Никаких «братских» чувств, ни к западным — ни к южным, или ещё каким славянам — я не питаю и отлично знаю — что это взаимно. Поляки в качестве врага обходятся на порядок дешевле, чем в качестве союзника.

Поэтому никаких «армий» — ни Крайёвой, не Людовой… Ни генерала Андерса, ни Берлинга…

Никаких «Трёх танкистов с собакою[3]»!

Поляки вообще — извечный, ещё со времён как бы не Рюрика и наизлейший враг Государства Российского. Что там не говори, фашистам не удалось взять, разрушить и сжечь Москву. Французам это удалось, да и только.
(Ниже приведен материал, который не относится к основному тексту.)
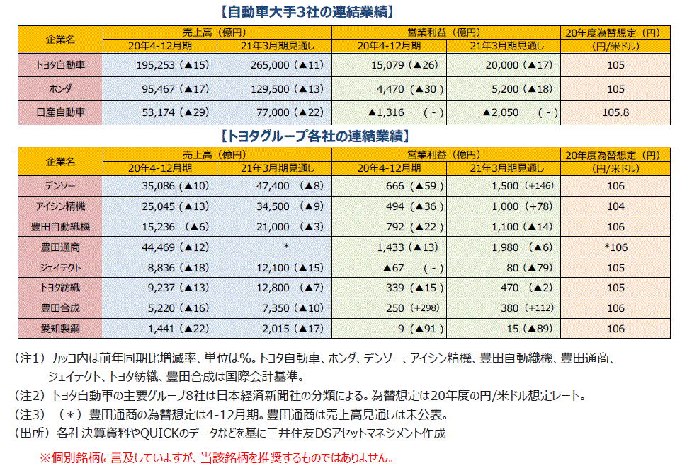 ■トヨタグループの主要8社の4-12月期の連結決算は、新型コロナの影響による世界的な自動車販売減少から7社が営業減益となりました。一方でトヨタ自動車の生産拡大などを受けて7社が2020年度通期の営業利益の見通しを上方修正しました。

Чёртовы ляхи же, не только захватили и сожгли Первопрестольную во времена Смутного времени — но и больше года в ней сидели. Даже не пытаясь управлять завоёванной страной — а откровенно грабя и опустошая её… И, делали это они так основательно, что долго ещё словами Нестора-борзопица:

«Тогда по Руской земли ретко ратаеве кикахуть,

нъ часто врани граяхуть,

трупиа себе деляче,

а галици свою речь говоряхуть,

хотять полетети на уедие».

«Татары», «Батый», «Иго», «Золотая Орда»?

Три раза: ХАХАХА!!!

И пламенный привет составителям ЕГЭ.

Для меня татары — первые (и возможно единственные) в это части Галактике союзники для русских, а Батый — кто угодно, но только не монгол. Трёхсотлетнее Иго, в истории страны было только одно и, было оно отнюдь не «монголо-татарским» — а романовским. Золотая Орда же — великая евроазиатская империя, в которую Московия входила как государство-вассал…
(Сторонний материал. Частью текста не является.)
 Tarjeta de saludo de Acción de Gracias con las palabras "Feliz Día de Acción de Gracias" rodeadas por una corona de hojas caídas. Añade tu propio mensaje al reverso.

Средневековый феодализм, мать его!

В своё время и, кстати — это было не так уж и давно, Пруссия была вассалом Ржечи Посполитной и что?

Хоть кого-то из современных германцев это напрягает?

Так что для меня что фашист, что поляк — понятия практически равнозначные. То, что они в данный момент сцепились меж собой — так это явление случайное и обусловленное двумя субъективными факторами: польской спесью и германской самовлюблённой тупостью.

И была бы у меня такая возможность (а может всё же появится?) я бы обе эти нации переселил бы подальше от наших границ…

Куда-нибудь за Атлантический океан!

Однако, бодливому попаданцу, Бог (или кто там так «играется»?) Бог рогов не даёт!

Однако, появилась проблема: до сих пор ещё живые поляки на подотчётной мне территории… Недоработал Реципиент, а мне теперь парь мозги — как будто больше их парить нечем.

Я б конечно, их всех загнал в овраг и не разбирая — кто там офицер, кто рядовой — из пулемёта…

Сам бы за «Максим» встал.

Однако, политика!

Чтоб добрый дядюшка Рузвельт подгонял мне «ништяки» и Черчиллю это делать советовал — резкие движения противопоказаны.

Поэтому, мы пойдём другим путём!

***

Кой-какие неясные моменты в этой истории остались, поэтому спрашиваю:

— Товарищи! А почему эти поляки считаются военнопленными? Насколько я знаю, ни СССР, ни канувшая «в лету» Польская Республика — войну друг другу не объявляли?

По наступившему молчанию, я понял что ляпнул какую-то — то ли откровенную глупость, то ли вопиющую бестактность.

— Хм, гкхм…

Изрядно покраснев за меня, Мехлис прокашлялся и извиняющим тоном, то и дело поворачиваясь к чекистам с выражением: «Ну, что поделаешь… Старость!», объяснил весь наш с клятыми ляхами расклад:

— Польское правительство Сикорского, ещё находясь во французском Анже, 18 декабря 1939-го года объявила войну… СССР. И не только на словах! Во время советско-финской кампании оно собрало сто тысяч добровольцев для участия на стороне Маннергейма. Правда, те собирались слишком долго и до окончания конфликта на фронте так и появились.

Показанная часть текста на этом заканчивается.